Par Pierre-André Hervé, Stéphane Lacroix
Publié le 23/09/2013 • modifié le 21/04/2020 • Durée de lecture : 7 minutes

Stéphane Lacroix

Monsieur Lacroix, comment expliquez-vous la reprise en main du jeu politique égyptien par l’armée, au détriment du président Mohamed Morsi et des Frères musulmans ?

L’armée n’a, à vrai dire, jamais cessé d’être un acteur majeur du jeu politique égyptien. Contrairement à ce qu’on a pu croire, le président Mohamed Morsi n’a pas renvoyé l’armée dans ses casernes en août 2012. Il a seulement soutenu la frange montante de l’armée, qui semblait a priori plus désireuse de travailler avec lui et les Frères musulmans, contre la frange plus ancienne, plus établie, celle incarnée par le maréchal Tantawi. On remarque que la place de l’armée dans la nouvelle constitution adoptée fin 2012 est équivalente à celle qui prévalait dans la précédente constitution. Morsi a ménagé l’armée car elle demeurait incontournable. Plus généralement, Morsi a du composer avec des institutions bien en place, ce que l’on a pu appeler « l’Etat profond », qui n’est, en réalité, pas du tout dissimulé. Ces institutions, le ministère de la Défense, le ministère de l’Intérieur ou encore l’appareil judiciaire (ou ses instances dirigeantes), n’ont jamais accepté la tutelle des Frères musulmans. Les cultures de ces institutions, formées par des décennies de régime militaire autocratique, foncièrement hostiles aux Frères musulmans, sont essentielles pour comprendre les difficultés de Morsi à imposer son autorité sur l’Etat et finalement son renversement. Pour reprendre la main, Mohamed Morsi a essayé de favoriser l’implantation de Frères musulmans au sein de ces institutions, au point que ses détracteurs se sont inquiétés d’une ambition hégémonique de la confrérie, d’une « frérisation » de l’Etat. Les Frères sont alors tombés dans tous les pièges qui leur étaient tendus. Plutôt que de miser sur une large coalition et de chercher à rassurer, ils se sont repliés sur eux-mêmes et sur le camp islamiste, donnant à chaque fois des arguments à leurs adversaires. L’adoption en décembre 2012 d’une constitution renforçant le rôle de la shari’a dans la législation (et de ce fait destinée à satisfaire les salafistes), mais dénoncée par l’ensemble du camp non-islamiste comme illégitime, a marqué le début d’une profonde crise de confiance, qui s’est aggravée les mois suivants.

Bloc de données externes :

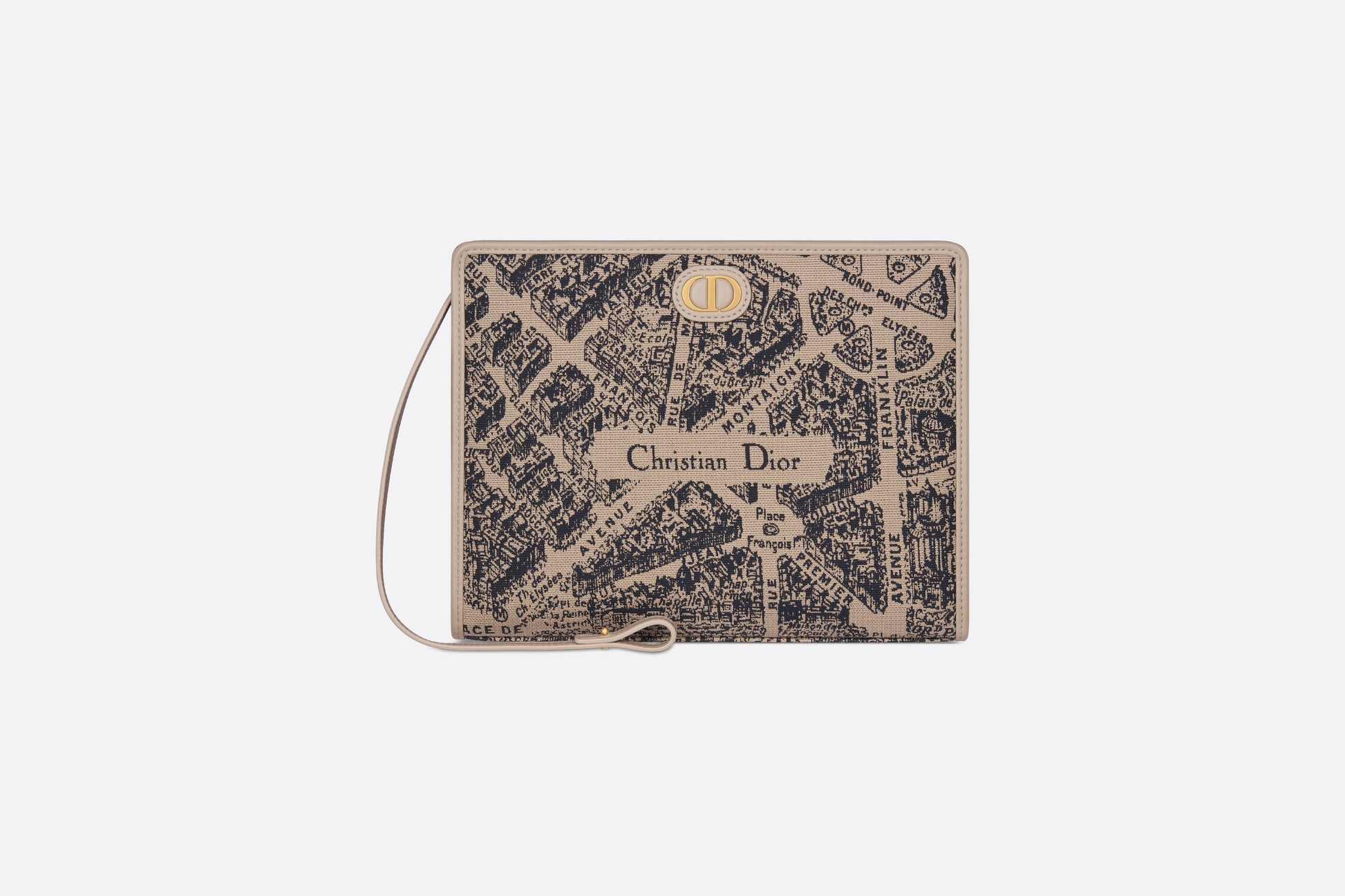 The 30 Montaigne medium pouch is a timeless and sophisticated accessory. Crafted in beige and black jacquard, it features the Plan de Paris motif, inspired by House archives and structured around Dior's historic Avenue Montaigne address. Showcasing a CD signature on the front, the creation reveals a spacious interior compartment that can hold all the essentials. The structured shape allows the pouch to be carried as a clutch or slipped into a Dior Book Tote.

Dans ce contexte, le mécontentement a grandi parmi la classe politique et dans l’opinion publique, attisé par une fatigue généralisée de la population après une révolution non-aboutie et par l’action en sous-main de « l’Etat profond ». Pour compliquer la tâche du gouvernement Morsi, l’institution militaire a en effet joué la carte de l’inaction voire du sabotage, ainsi que le démontrent les coupures d’électricité et la pénurie d’essence, interrompues comme par hasard une fois Morsi renversé. De même, les médias ont mené une campagne de diabolisation des Frères musulmans, et ce bien en amont du 30 juin 2013, date des grandes manifestations contre le président. Enfin, il faut signaler le rôle des acteurs étrangers, en particulier l’Arabie saoudite et les Emirats arabes unis. Ces derniers avaient, dès 2012, montré la plus grande hostilité aux Frères, considérés notamment comme étant à l’origine d’un supposé complot contre l’Etat émirien qui a donné lieu début 2013 à des arrestations suivies de lourdes condamnations. L’annonce des pays du Golfe, quatre jours après le coup d’Etat, d’une aide à l’Egypte de 12 milliards de dollars était certainement déjà préparée avant le 30 juin en concertation avec les différents acteurs de la mobilisation anti-Morsi et du coup d’Etat.
Quoiqu’il en soit, nul ne peut nier que les manifestations du 30 juin ont représenté une vraie mobilisation populaire. Le coup d’Etat est réel mais il ne doit pas faire oublier ce fait. Le champ politique était presque tout entier, des partis libéraux aux salafistes d’al-Nour (qui ont lâché Morsi peu après l’adoption de la constitution), monté contre les Frères musulmans. Les erreurs de ces derniers leur ont valu, au moment critique, de se retrouver sans alliés.

S’agit-il d’un simple retour en arrière, à la dictature militaire prérévolutionnaire ? La démocratie peut-elle encore perdurer après le coup d’Etat ?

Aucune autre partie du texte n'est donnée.